Reaching for the stars: storia contemporanea, identità culturali, materia e musica

Reaching for the stars: storia contemporanea, identità culturali, materia e musica

Grazie alla varietà, complessità e molteplicità delle opere esposte, la mostra “Reaching for the stars. Da Maurizio Cattelan a Lynette Yiadom-Boakye” (Palazzo Strozzi, Firenze) offre numerosissimi spunti per guardare attraverso l’arte a tematiche differenti, per riflettere sull’oggi e aprirsi a scenari inconsueti, avvalendosi dei messaggi degli artisti. Ciascuno di loro ci invita – con la propria sensibilità – a esplorare argomenti che sono legati da un filo conduttore, utilizzando linguaggi solo apparentemente inconciliabili.

Storia contemporanea

La storia contemporanea si legge in filigrana in molte delle opere esposte, ma alcune di esse sono collegate indissolubilmente al momento e al contesto che interpretano. Così William Kentridge è stato intimamente influenzato dal suo vissuto in Sudafrica e dalla questione della segregazione razziale. Con il cortometraggio di animazione History of the Main Complaint, 1996, (Storia della denuncia fondamentale) allude alla stratificazione della memoria e all’idea del tempo, con riferimento al momento in cui in Sudafrica si è cominciato ad avere consapevolezza delle violazioni dei diritti umani perpetrate durante l’apartheid.

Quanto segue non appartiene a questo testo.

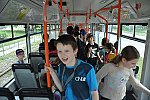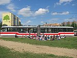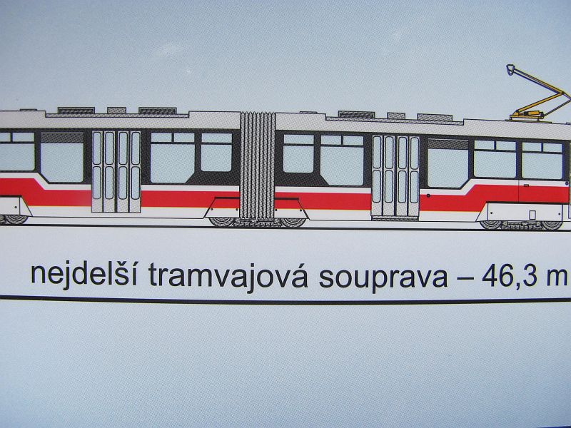 Dopravní podnik vlastní 11 souprav. Měří 46,3 m, obsaditelnost až 320 cestujících. Také jsme si vybrali nejdelší linku (č.1, 19,2 km a 37 zastávek). Na konečné stanici jsme se vyfotili a na zpáteční cestě jsme zjišťovali po kom je zastávka Ečerova pojmenovaná. Znáte odpověď?

Maurizio Cattelan affronta temi dell’attualità, spesso drammatica, con la sua ironia dissacratoria. Cesena 47-A. C. Forniture Sud 12 (2° tempo), del 1991, è una fotografia scattata nel corso della partitaperformance organizzata dall’artista, su un calcetto appositamente progettato, tra le riserve del Cesena e undici giocatori senegalesi dell’A. C. Forniture Sud, squadra da lui fondata un anno prima. Con il nome dello sponsor stampata sulle maglie, l’immaginaria impresa di trasporti Rauss, parola che si collega al lessico nazista, Cattelan affronta la questione razziale e il tema dell’immigrazione, clandestina e non, facendo assumere all’opera un connotato politico, nel periodo della fondazione della Lega Nord. In Christmas ’95 (1995), la stella a cinque punte in un cerchio, fiancheggiata dalle lettere simbolo delle Brigate Rosse – riferimento alla strategia della tensione, agli anni bui e “di piombo” che hanno caratterizzato la storia italiana viene trasformata da Cattelan in una stella cometa in neon. L’artista suggerisce così che le utopie rivoluzionarie dell’epoca fossero destinate a svanire come la stella cometa natalizia, dopo essere state, causticamente, trasformate in un’insegna da bar. Cattelan ha raccolto in Lullaby (1994), un sacco di tela blu, macerie dell’attentato avvenuto la sera del 27 luglio 1993, quando Cosa Nostra fece esplodere un’autobomba fuori del PAC Padiglione d’Arte Contemporanea di Milano, provocando la morte di cinque persone. Il titolo (Ninnananna) apparentemente tenero, ma per questo ancora più sconvolgente se collegato al luttuoso evento notturno è espressione perfetta del sarcasmo nero dell’artista. L’attentato, uno dei numerosi e violentissimi atti terroristici di stampo mafioso che fra il 1992 e il 1993 insanguinarono l’Italia, coincise con la preparazione della prima personale di Cattelan all’estero. Con l’opera l’artista volle così condividere il clima di tensione instaurato nel Paese.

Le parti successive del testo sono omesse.